His favorite way to teach is apprentice style, which has been his primary clinical method at McLean for the past decade, working alongside his students while inspiring and challenging them. But you might also see him sharing pearls of wisdom, offering a quote of the day, giving feedback, or leading in-service trainings on clinical topics for nurses, social workers, and mental health specialists about the patients they are taking care of together.
Within the past four years, Stoklosa co-founded a mentorship program to facilitate the career development of mental health specialists, community residence counselors, and research assistants in fields of health care, including social work, occupational therapy, nursing, psychology, and medicine. And for the last two years, he has also grown interested in and has been developing postgraduate training for nurse practitioners to offer mentored intensive education and clinical training.
Specifically for medical students, Stoklosa has been one of the teachers of the core psychiatry course at HMS for several years, co-leading case-based collaborative learning sessions. For the last 10 years, he has taught psychiatric interviewing, including a chance to model interviews, during the students’ time at McLean. He has relished speaking on several medical student career lunch panels to inspire students to consider a career in his passion: psychiatry.
Stoklosa is often called a “teacher of teachers,” leading workshops for other educators on how to connect with your learner or teach on a busy clinical service.
Leading by Example
Reflecting on his years at McLean, Stoklosa recalled an interaction with a resident on an inpatient unit who had worked hard to connect with a patient.
The patient had been reticent at the time. “And then the resident earned the almighty smile and silent connection from the patient,” Stoklosa said. “It was a beautiful moment where we looked at each other across the table and knew he succeeded in exactly what he sought out to do.”
Such shared experiences, when he sees someone light up—whether it is a patient or a learner—are especially meaningful to Stoklosa. But so are the times when he fosters medical students’ interest in psychiatry and then mentors them through residency, his clinician educator program, and beyond.
According to Stoklosa, a good teacher “is not a scribe in the front of the room, but is a guide by the side and someone who can help someone grow.”
In his teaching, he emphasizes the practice of teaching with vulnerability to connect with one’s students and make a safe learning space. The practice involves being unafraid to make mistakes.
“Teaching with vulnerability is singing your mistakes from the rooftops so that you can keep polishing yourself and create that same mindset in your learner,” he said. “They call it practicing medicine for a reason because we’re all practicing and trying to get better. Teaching with vulnerability is about having that growth mindset to keep growing.”
Stoklosa has been passionate about teaching from a very young age. Starting in elementary school, he studied for his tests by teaching the course material to his friends.
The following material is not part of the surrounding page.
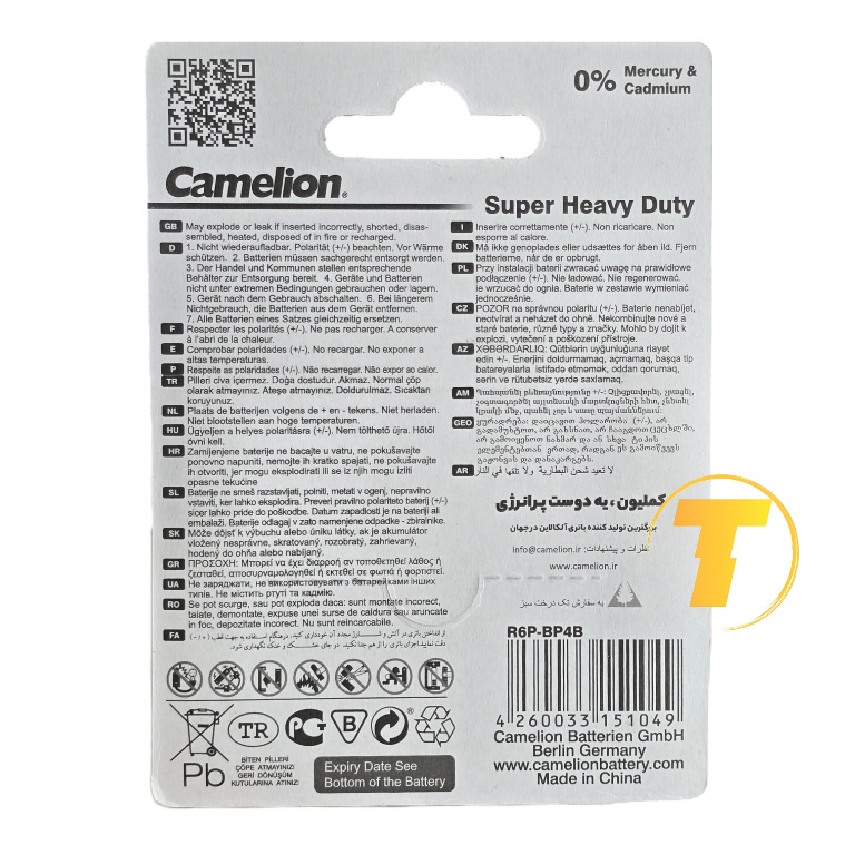 این باتری با کد R6P و استاندارد UM4 شناخته میشود که هر دو به سایز AA اشاره دارند. استفاده از فناوری بدون جیوه و کادمیم در ساخت این محصول، آن را به گزینهای ایمنتر از نظر زیستمحیطی تبدیل کرده است. عدم استفاده از فلزات سنگین مضر، علاوه بر کاهش آسیبهای محیطی، ایمنی بیشتری در زمان نگهداری و استفاده فراهم میکند.

In college, he tutored people for classes he had never taken. “I always felt that teaching wasn’t necessarily about mastery of the material so much as helping enable learning, which you can do even if it’s not your topic,” he said.
“I love that moment in your learner where something clicks, and a new fire is born that can spread into new ideas or new abilities,” he added. “I love the dialogue with the learner where they teach me just as much as I teach them. I love being challenged every day by my learners to do better and then be better.”
McLean President and Psychiatrist in Chief Scott L. Rauch, MD, praised Stoklosa for his contribution to teaching at HMS and McLean. “This is a tremendous and well-deserved acknowledgement of Joe’s devotion and skill in the realm of medical student education,” Rauch said. “His passion, expertise, and selflessness are now legendary. We could not be more grateful for all that he contributes to the HMS community and beyond.”
“I feel like winning an award like this is really a testament to all those who have given me opportunities to teach and a testament to the learners that I’ve been able to interact with,” said Stoklosa. “It motivates me to want to keep teaching and touch more people’s lives during their education at any stage.”
Stoklosa was honored during the Kettyle and Borus awards presentation at the virtual HMS Symposium on Medical Student Education in Psychiatry on Tuesday, April 6, 2021.